I'm playing Fallout 4 in these days and if i listen to a record inside the pipboy, there is no subtitles, if a close the pipboy sometimes there is subtitles, other not.
 

Nurovek

Member
Dec 26, 2018
142
France
Press X to interact. Also X makes you jump... over the thing you're trying to interact with. Looking at you FFXV.

Haha I was thinking the same for Kingdom Hearts 3. You open chests with Triangle, but you also have your way-too-powerful-and-always-available commands on the same button.
If you are not close enough to the chest, it triggers a command and a brief cutscene (that you can choose to shorten/disable), which is often frustrating.
 

Don Fluffles

Member
Oct 28, 2017
7,061
Anthem really is a case study in this on multiple levels, from basic UI/UX elements to specific manifestation of loot shooter mechanics, Bioware seems to have willfully ignored every lesson that the genre learned over the past decade. It makes me wonder if these types of things are really done out of ignorance or a willful arrogance that they know better than the iterated wisdom of prior games.
That can't be the case. There's already been enough reports on the crunch and working conditions EA put on Bioware for Anthem.

Remember: Many bad games are less about laziness and more about team morale and working conditions. Daikatana's a famous example.
 
Oct 27, 2017
7,497
Any survival game with hunger/thirst mechanics where your character is literally dying of hunger/thirst after a few minutes. Just make it a slightly longer period, Christ on a bike.

Also games where you sprint, but run out of stamina after 10 seconds and are are reduced to a wheezing wreck. Even I can run longer than that.
 

ASaiyan

Member
Oct 25, 2017
7,228
In 1994, EarthBound pioneered a battle system where engaging an enemy that is way weaker than you causes it to instantly die and hand you the EXP.

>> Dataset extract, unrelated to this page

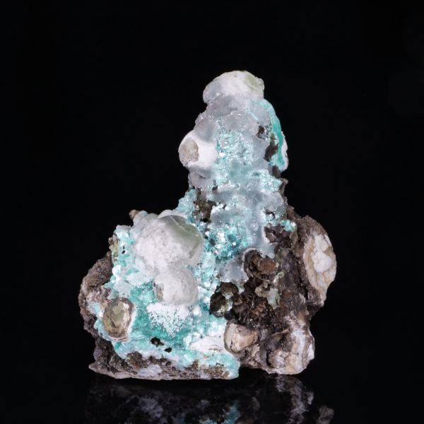 Superb specimen Rosasite on Hemimorphite from Mine 79 in the United States. Sold with original label 79 Mine.

It is exactly 25 years later, and most RPGs still do not do this. Why.
 

pillowtalk

Member
Oct 10, 2018
2,562
Unless it's an action/exploring game, I want ladders to just teleport me to the other side.

In 1994, EarthBound pioneered a battle system where engaging an enemy that is way weaker than you causes it to instantly die and hand you the EXP.

It is exactly 25 years later, and most RPGs still do not do this. Why.
Yeah it's a waste of time esp if there's loading. But at least now some games make these weak monsters not attack you unless you initiate.